There are a number of reasons why you may want a hunting rifle scope, but chances are, you’re looking to improve your aim.

Bigger Isn’t Always Better

People have always wanted bigger and faster, but the truth is, that’s not always efficient, particularly for hunting. One of the main ways beginning hunters are making this mistake is by buying scopes that magnify too much.

Too many hunters are selecting scopes magnification highs between 14 and 20. As most deer hunting occurs at 100-400 yards, that type of scope would leave you blind and looking at a blurry spot. The best bet is to choose one from 3 to 9. For deer hunting, less is more.

It’s important to know what kind of hunting you’ll do, and choose a scope accordingly.

Reading the Numbers

Understanding the numbers written on the scope is essential to choosing the right one for you. Going with our previous example, the number you would see might be 3-9x40.

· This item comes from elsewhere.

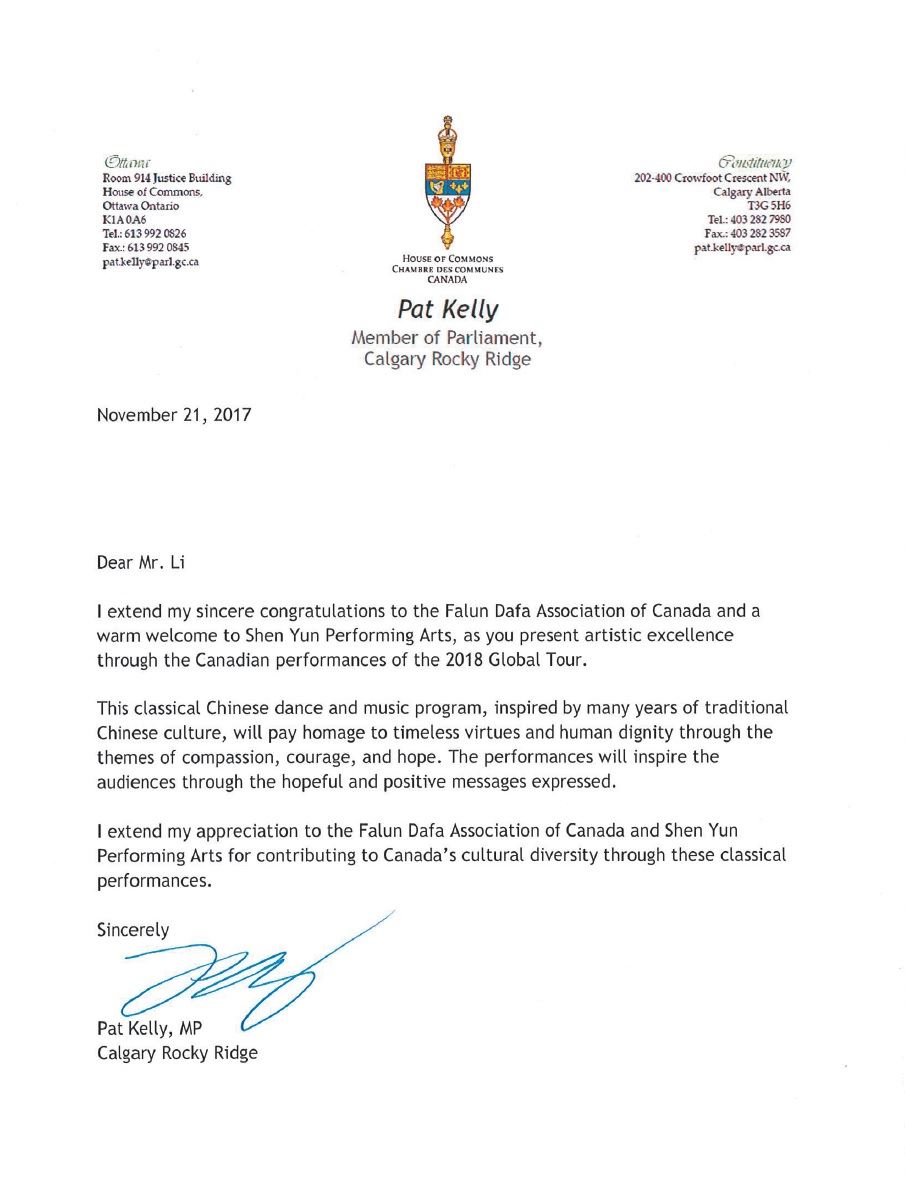 联邦保守党国会议员潘特·凯里(Pat Kelly)在贺信中称,在神韵艺术团开启2018年全球巡演之际,“我要向加拿大法轮大法学会表达我真挚的祝贺,欢迎神韵艺术团!”

Three is the lowest number of magnification, meaning objects appear 3 times closer than they really are. Nine is the highest number and means they’re magnified 9 times. Forty is the diameter of the objective lens (the end furthest from you) in millimeters.

Objective Lens

The objective lens is the further end of the scope and is the one that lets in the light. The larger the lens, the more light you get. A larger lens also means a heavier scope, so if you’re planning on walking distances to get to your hunting grounds, you’ll need to take that into consideration.

Eye Relief

Eye relief is the term used to describe the distance between you and your scope. This is important because if you don’t have enough eye relief, you run the risk of hitting yourself on the recoil. A length between 3 and 4 inches is standard, though you can find some longer.

The important thing is that the scope is mounted, so you’re comfortable. You should never have it mounted in a way that requires you to move your head.

Reticles

There are 9 main types of reticles, and the type you select will hinge on personal preference more than function. The BDC, or Bullet Drop Compensation, the reticle is designed for those who prefer to shoot long distances and lends itself to changing those distances frequently. Another, the mildot, is more commonly used as a sniper’s reticle and requires numerous calculations for an accurate shot.

The most common ones you’re likely to be looking at are Duplex reticles, the German # reticle, and the Original, with simple crosshairs marking the center. When looking, ask if you can try a variety out to see which you would prefer.

Coating for Lenses

Coatings can reduce glare, and allow more light to filter through the scope. They can also protect the lenses from scratches and damage, giving your scope longer life

Some types of coatings, such as hydrophilic ones, can shed water from the glass. While most scopes come with at least one layer of coating on a single lens, you should check that it’s sufficient for your needs.

Don’t forget to shop around. If you look to buy a hunting rifle scope online, once you’ve narrowed it down, head instore and finish the inspection in person.